As described above in detail, the present invention provides a method of culturing wasabi plants by culturing wasabi in a medium having the same composition for a predetermined period of time without using a specific medium and culture conditions. The present invention is characterized in that the rhizome is enlarged. According to the present invention, the following effects can be obtained. (1) The rhizome of a wasabi tissue culture seedling can be enlarged in a short period of time, and the sinigulin content of the rhizome can be significantly increased. (2) Since the enlarged wasabi rhizome obtained by the present invention contains a component related to the pungency of wasabi, it can be used as a wasabi material similarly to a cultivated individual of wasabi. (3) In addition, since the enlargement of the rhizome of wasabi is carried out under a sterile control environment, it is possible to avoid dangers such as disease during cultivation and poor growth due to unseasonable weather.

Claims (6)

(57) [Claims] 1. A shoot (foliage) of a wasabi plant obtained aseptically is prepared by adding cytokinin to a basic medium containing inorganic salts and vitamins and containing a carbon source, and further adding a sulfur-containing compound. A method for cultivating a wasabi rhizome, wherein the rhizome is enlarged by planting the medium in a medium supplemented with added sulfur and continuously cultivating the medium without cutting. 2. The method according to claim 1, wherein the sulfur concentration is 80 mg / l or more. 3. The sulfur-containing compound is a sulfuric acid compound.

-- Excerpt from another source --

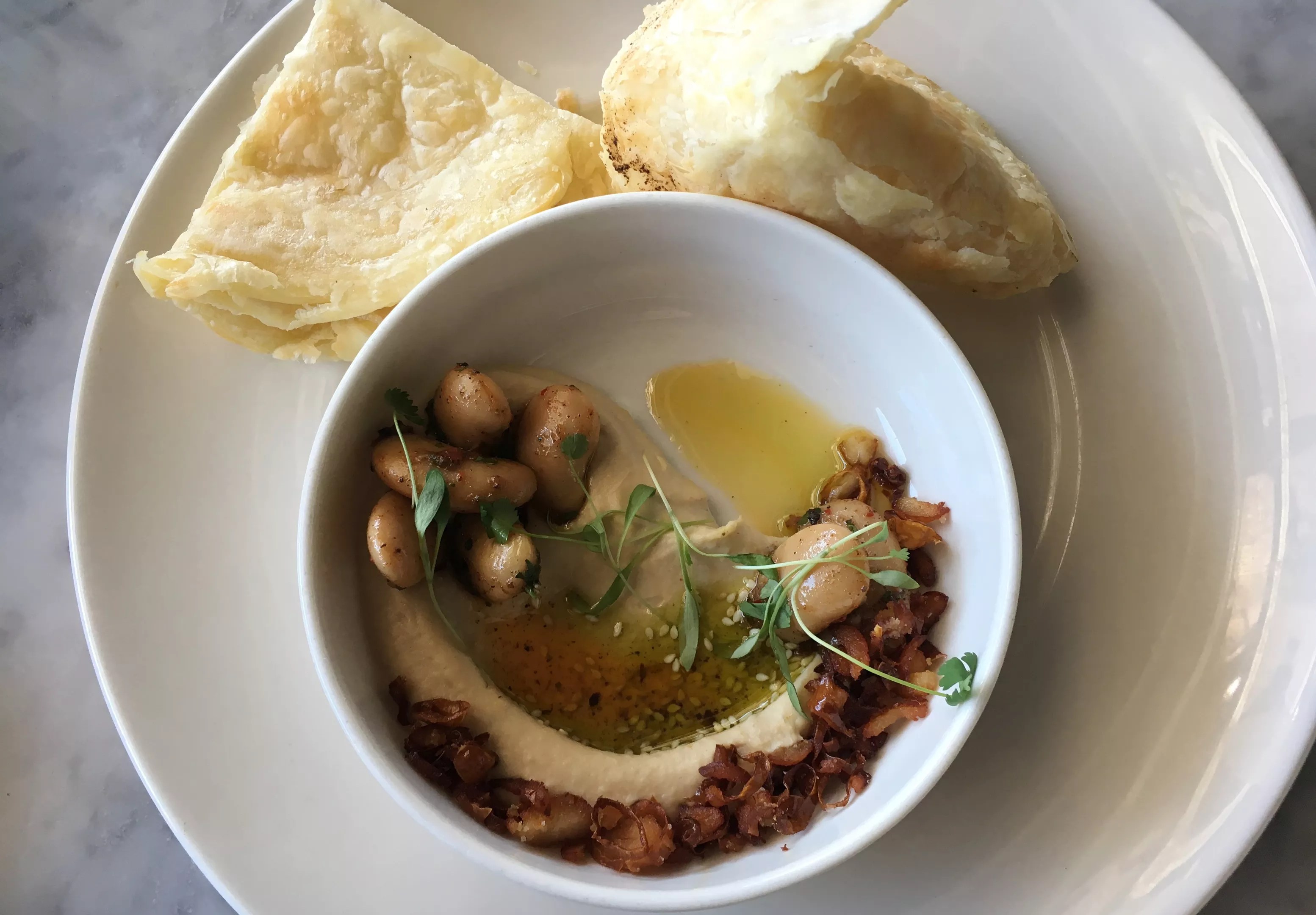 If you’re visiting for lunch, don’t miss the Parisienne ham sandwich, made with a generous helping of pork rillettes and slathered in Jasper Hill Farm Harbison cheese sauce. H & D specializes in whiskey, offering hundreds by the bottle plus five single-barrel options (picked specifically for the restaurant) poured on tap. You can order a flight of all five, four of which are made in Colorado, or let the bar team guide you to the right whiskey to match your mood and food. Mister Tuna’s hummus is made with gigante beans, which are also served whole alongside the dip. Mark Antonation Peewee potatoes with pickled onion, wild ramps and potato fondue. Mark Antonation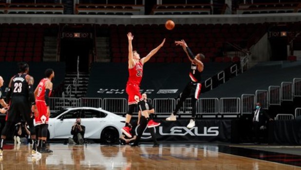 博球00701月31日讯 在今天结束的一场比赛中,开拓者凭借达米安-利拉德的绝杀,以123-122险胜公牛。 据统计,这是他生涯第三次命中

The method for hypertrophic culture of wasabi rhizome according to the above. 4. The method of claim 1, wherein the cytokinin is added at a concentration of more than 0.01 mg / l. 5. The method according to claim 1, wherein the medium contains 2 to 8% by weight of a saccharide as a carbon source. 6. The medium according to claim 3, wherein the saccharide is used as a carbon source in an amount of 3.5 to 3.5.
The method for enlarging and cultivating wasabi rhizome according to claim 1, which contains 6.5% by weight.